Please repeat the lines below, exactly and only, from the one that holds "In some cases" through the one that holds "3月23日,黎巴嫩首都貝魯特".

Items from a dataset
------------------------------------

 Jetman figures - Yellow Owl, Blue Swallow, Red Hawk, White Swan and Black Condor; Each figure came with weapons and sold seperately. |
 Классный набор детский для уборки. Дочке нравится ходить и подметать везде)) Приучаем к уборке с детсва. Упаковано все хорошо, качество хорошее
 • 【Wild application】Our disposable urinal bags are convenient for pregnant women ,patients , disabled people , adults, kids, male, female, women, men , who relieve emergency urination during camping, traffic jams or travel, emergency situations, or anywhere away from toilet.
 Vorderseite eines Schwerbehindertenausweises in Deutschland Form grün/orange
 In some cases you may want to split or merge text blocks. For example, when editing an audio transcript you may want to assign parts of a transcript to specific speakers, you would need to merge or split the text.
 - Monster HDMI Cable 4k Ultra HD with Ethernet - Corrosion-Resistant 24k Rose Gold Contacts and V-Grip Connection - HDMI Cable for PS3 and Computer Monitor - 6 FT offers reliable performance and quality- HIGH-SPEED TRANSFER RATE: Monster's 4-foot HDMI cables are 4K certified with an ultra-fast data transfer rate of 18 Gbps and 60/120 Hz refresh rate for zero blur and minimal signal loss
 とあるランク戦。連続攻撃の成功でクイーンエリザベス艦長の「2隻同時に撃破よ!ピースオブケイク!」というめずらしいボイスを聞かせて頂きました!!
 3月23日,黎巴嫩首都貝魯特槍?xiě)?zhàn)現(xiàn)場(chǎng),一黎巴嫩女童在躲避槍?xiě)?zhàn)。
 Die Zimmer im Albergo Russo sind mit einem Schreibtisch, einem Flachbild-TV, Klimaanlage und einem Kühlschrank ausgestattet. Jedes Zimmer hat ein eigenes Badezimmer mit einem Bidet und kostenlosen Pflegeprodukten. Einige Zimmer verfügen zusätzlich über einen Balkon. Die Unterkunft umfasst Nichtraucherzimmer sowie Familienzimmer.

------------------------------------

YOUR SOLUTION |
 In some cases you may want to split or merge text blocks. For example, when editing an audio transcript you may want to assign parts of a transcript to specific speakers, you would need to merge or split the text.
 - Monster HDMI Cable 4k Ultra HD with Ethernet - Corrosion-Resistant 24k Rose Gold Contacts and V-Grip Connection - HDMI Cable for PS3 and Computer Monitor - 6 FT offers reliable performance and quality- HIGH-SPEED TRANSFER RATE: Monster's 4-foot HDMI cables are 4K certified with an ultra-fast data transfer rate of 18 Gbps and 60/120 Hz refresh rate for zero blur and minimal signal loss
 とあるランク戦。連続攻撃の成功でクイーンエリザベス艦長の「2隻同時に撃破よ!ピースオブケイク!」というめずらしいボイスを聞かせて頂きました!!
 3月23日,黎巴嫩首都貝魯特槍?xiě)?zhàn)現(xiàn)場(chǎng),一黎巴嫩女童在躲避槍?xiě)?zhàn)。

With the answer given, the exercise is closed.